§ Raw data
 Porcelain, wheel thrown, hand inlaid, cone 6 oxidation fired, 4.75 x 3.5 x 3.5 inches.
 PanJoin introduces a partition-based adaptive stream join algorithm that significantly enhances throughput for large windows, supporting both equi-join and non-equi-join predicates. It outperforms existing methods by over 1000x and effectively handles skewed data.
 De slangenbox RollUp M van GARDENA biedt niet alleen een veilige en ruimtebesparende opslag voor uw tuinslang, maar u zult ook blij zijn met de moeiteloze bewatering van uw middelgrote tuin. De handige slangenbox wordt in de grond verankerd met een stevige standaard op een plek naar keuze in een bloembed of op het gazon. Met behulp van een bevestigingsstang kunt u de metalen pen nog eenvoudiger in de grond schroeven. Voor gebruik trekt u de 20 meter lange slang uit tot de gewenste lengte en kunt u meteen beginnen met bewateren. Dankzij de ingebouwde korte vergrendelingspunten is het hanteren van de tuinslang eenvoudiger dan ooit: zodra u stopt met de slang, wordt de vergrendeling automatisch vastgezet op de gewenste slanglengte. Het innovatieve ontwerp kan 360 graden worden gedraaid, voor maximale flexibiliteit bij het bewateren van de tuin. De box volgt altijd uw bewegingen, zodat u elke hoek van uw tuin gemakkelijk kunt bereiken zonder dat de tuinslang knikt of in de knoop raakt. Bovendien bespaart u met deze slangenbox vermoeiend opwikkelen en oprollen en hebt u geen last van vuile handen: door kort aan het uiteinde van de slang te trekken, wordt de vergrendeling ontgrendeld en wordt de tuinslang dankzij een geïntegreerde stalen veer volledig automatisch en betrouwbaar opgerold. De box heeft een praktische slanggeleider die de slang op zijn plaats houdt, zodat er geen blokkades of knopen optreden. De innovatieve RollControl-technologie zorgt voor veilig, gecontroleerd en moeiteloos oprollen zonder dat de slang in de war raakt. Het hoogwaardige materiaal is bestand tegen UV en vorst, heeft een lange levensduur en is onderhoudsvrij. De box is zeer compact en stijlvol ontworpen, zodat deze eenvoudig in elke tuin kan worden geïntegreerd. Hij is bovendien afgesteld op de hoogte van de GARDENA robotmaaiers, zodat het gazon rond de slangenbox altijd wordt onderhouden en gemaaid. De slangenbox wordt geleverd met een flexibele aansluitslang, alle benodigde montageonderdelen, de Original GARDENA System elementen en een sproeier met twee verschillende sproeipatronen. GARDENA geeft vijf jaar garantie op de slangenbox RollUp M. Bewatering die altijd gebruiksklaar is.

§ Task details
All lines from the first line of the listing above through the line containing "PanJoin introduces a" are to be retyped exactly. Leave out any other line.

§ Result for this task
 Porcelain, wheel thrown, hand inlaid, cone 6 oxidation fired, 4.75 x 3.5 x 3.5 inches.
 PanJoin introduces a partition-based adaptive stream join algorithm that significantly enhances throughput for large windows, supporting both equi-join and non-equi-join predicates. It outperforms existing methods by over 1000x and effectively handles skewed data.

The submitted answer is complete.